With the two symbolic children, Ignorance and Want, that the Ghost of Christmas Present shows to Scrooge from under his robes, he tells Scrooge plainly that every person he passes on the London streets on his way to and from his counting house is an opportunity for good works that Scrooge chooses to ignore. Aghast at the "wretched, abject, frightful, hideous, miserable" children, Scrooge cries out "Have they no refuge or resource?" to which the Spirit replies with Scrooge's own words: "Are there no prisons? [...] Are there no workhouses?” When Jacob Marley first comes to Scrooge, he notes of his own chain that "I girded it on of my own free will, and of my own free will I wore it," and this free will must apply to Scrooge as well. Marley is condemned to wander the world and witness the results of his choices, but importantly he also chooses to give Scrooge a fighting chance -- "a chance and hope of my procuring." Scrooge is not forced to embrace the Christmas spirit; he is given the opportunity to embrace Christmastime generosity.

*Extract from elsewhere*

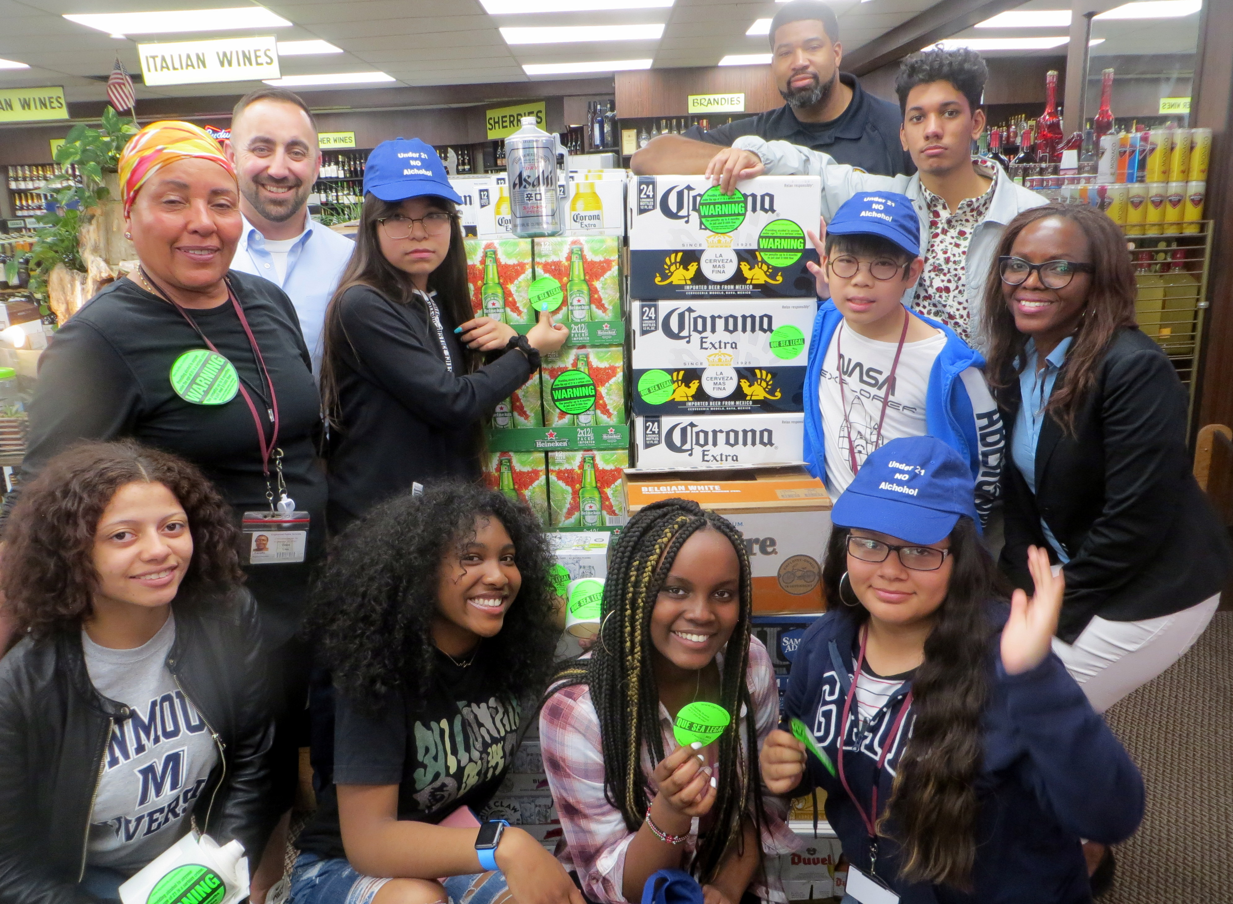 At each liquor store, the students donned hats that read, “Under 21. No Alcohol,” and they attached stickers and hangers to alcoholic beverages and products that appeal to minors, such as beer. They also put hangers on bottles of alcoholic products throughout the store to discourage adults and peers who are 21 or over from providing alcohol to minors.

A changed man, Scrooge says in his desperate cries to the Ghost of Christmas Yet to Come that "I will honour Christmas in my heart," but more important is the second half of the sentence: "and try to keep it all the year." Christmas itself is not what matters to Scrooge's salvation. His salvation comes from his immediate donation to the charity from earlier, hiring of local urchins for small tasks at high rates, raising of his clerk's salary, and the pledge "to assist your struggling family" that he makes for Bob and for Tiny Tim. Dickens's message is not subtle. As I noted in my original post, to strip the story of its economic considerations reduces it to both the ugliest of Dickens's anti-Semitic conversion tendencies and the most violent of Christianity’s hegemonic impulses.

In summary: If you celebrate Christmas but support slashes to Medicaid and food stamps, you are Scrooge. Dickens and his ghosts are talking to you.